=== Description of the task ===
What is needed is a word-for-word copy of the lines below from the one with "Best Buy at" through the one with "這里的精髓可以用一個(gè)", both included, with every picture left out.
------ Dataset excerpts ------
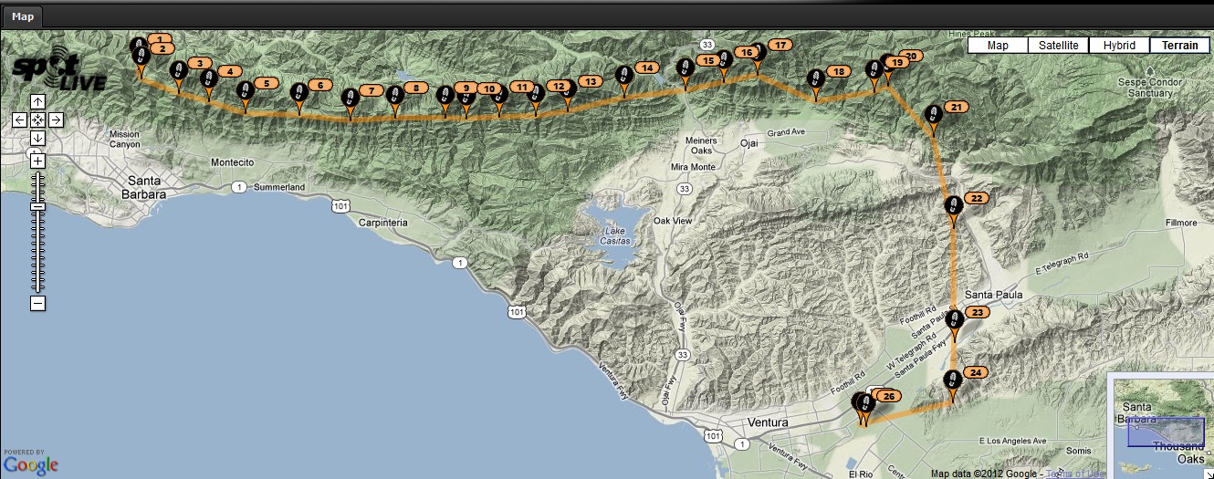 caught the full eagle bus up, up and away to ej bowl. andy jumped off quick and had an amazing glide to the peak gaining altitude the whole time. so us lemmings soon rolled off too. floated around the peak and altenator nice and high for a while with bob a., jon blake, master bader, and lompoc joel. headed east from there skipping peaks as we were specked out. it seemed we had a bit of an east wind up high all day. bob a. and i got stuck bobbin around ridge level at the powerlines for a while, where hammer and howser met up with us. doug found one, turned and headed back west. we finally got a fine piece of ass up over 5. bounced through the pass between 5 and 6(the info people have shared lately worked like a charm, thanks!). i must say i was pretty stressed out through the pass, dont know how often my brain can handle that. good times, and pretty easy going this time. i was stress beat by the time we got to the bump near the 33 so headed to the high school with bob a and howser. super fun flying with friends. finally got through that dam abyss on my pg. you guys are gnarly that go through that thing all the time. speaking of which, andy and chris paul were way ahead up us where chris made santa paula, and andy got up at sulfur mt, then glided across the valley back to nordoff high school. i hope they post their tales. lots of awesome flights,,, j blake went almost to the power lines and out to padaro(in his words because he got 'bitch slapped' back there,,,lol!), master bader flew to carp, lompoc joel went la cumbre to monticito peak and back to parma, doug probably made an out and return to the powerlines, tons of people high and to the beach. thanks so much to jon blake for the retrieve and to chris paul and howser for fetching the van. i forgot my camera today so only have a tracklog
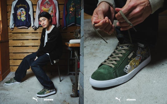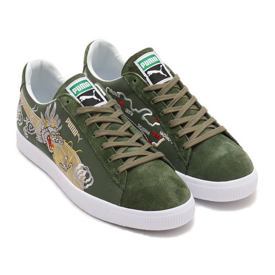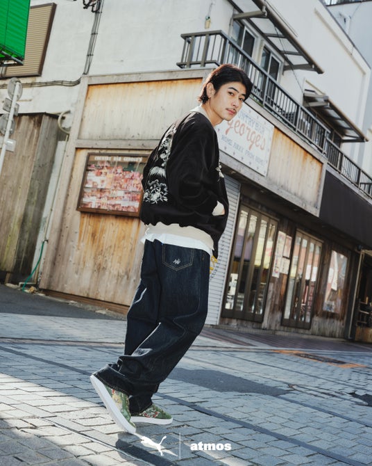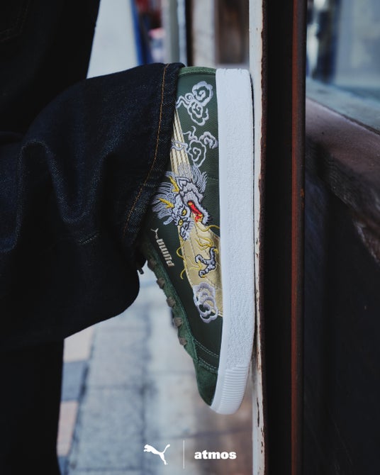 横須賀に駐留していた米軍兵が土産品として持ち帰り、日本発の“スーベニアジャケット”として全世界で知られているスカジャン。その象徴的なデザインをPUMAの定番モデル「PUMA SUEDE MIJ(プーマ スウェード MIJ)」に落とし込んだSKAJANシリーズは、2021年よりatmosが展開する別注シリーズです。
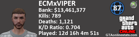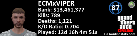 [URL=http://GTAonlinestats.com/showplayer/ECMxVIPER][IMG]http://GTAonlinestats.com/greysignature/ECMxVIPER/sig.png[/IMG][/URL]
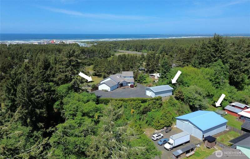 Best Buy at the Beach! The stunning design, ideal for entertaining and the large high dune parcel set this expansive custom home apart. Lovingly maintained since the owner had is constructed in 1988, from the moment you arrive you will appreciate the natural light and open concept. Large kitchen, ample dining area, voluminous great room and a generous primary suite, all with access to the large west side deck and hot tub. Downstairs the guest level provides privacy with 2 bdrms, rec toom and unfinished area preplumbed/wired for2nd kitchen. In the crows nest the large room could be an art studio, home office, ultimate play area or any number of creative uses! Detached garage plus Bonus Boat Shed with separate access to boot! Must see!
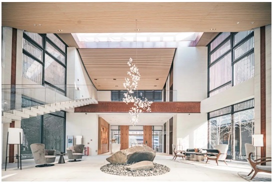 這里的精髓可以用一個(gè)詞來概括:四谷三庭。寓意一方天地間,感受四季變幻的絕美風(fēng)景,塑造三重歸家禮序。由西至東,四條綠廊與一條水軸貫穿樓宇之間,分別命名為「春之谷」、「夏之谷」、「秋之谷」和「冬之谷」,搭配種植了各個(gè)季節(jié)的時(shí)令植株。
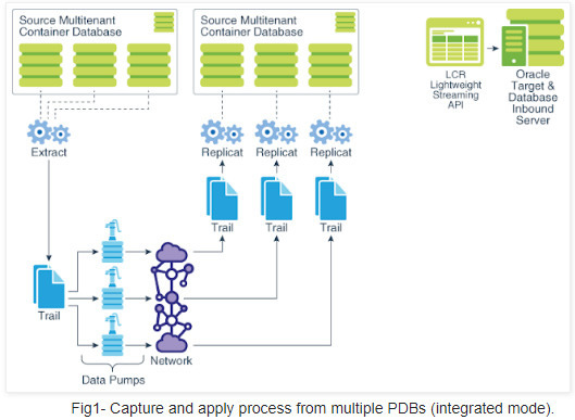 Golden Gate 12c features along with Oracle multi-tenant architecture introduced some changes to the way replication works (see Fig-1). Another interesting fact is that few of Oracle Streams features have now found their way into GoldenGate.
------
=== Solution to this problem ===
 Best Buy at the Beach! The stunning design, ideal for entertaining and the large high dune parcel set this expansive custom home apart. Lovingly maintained since the owner had is constructed in 1988, from the moment you arrive you will appreciate the natural light and open concept. Large kitchen, ample dining area, voluminous great room and a generous primary suite, all with access to the large west side deck and hot tub. Downstairs the guest level provides privacy with 2 bdrms, rec toom and unfinished area preplumbed/wired for2nd kitchen. In the crows nest the large room could be an art studio, home office, ultimate play area or any number of creative uses! Detached garage plus Bonus Boat Shed with separate access to boot! Must see!
 這里的精髓可以用一個(gè)詞來概括:四谷三庭。寓意一方天地間,感受四季變幻的絕美風(fēng)景,塑造三重歸家禮序。由西至東,四條綠廊與一條水軸貫穿樓宇之間,分別命名為「春之谷」、「夏之谷」、「秋之谷」和「冬之谷」,搭配種植了各個(gè)季節(jié)的時(shí)令植株。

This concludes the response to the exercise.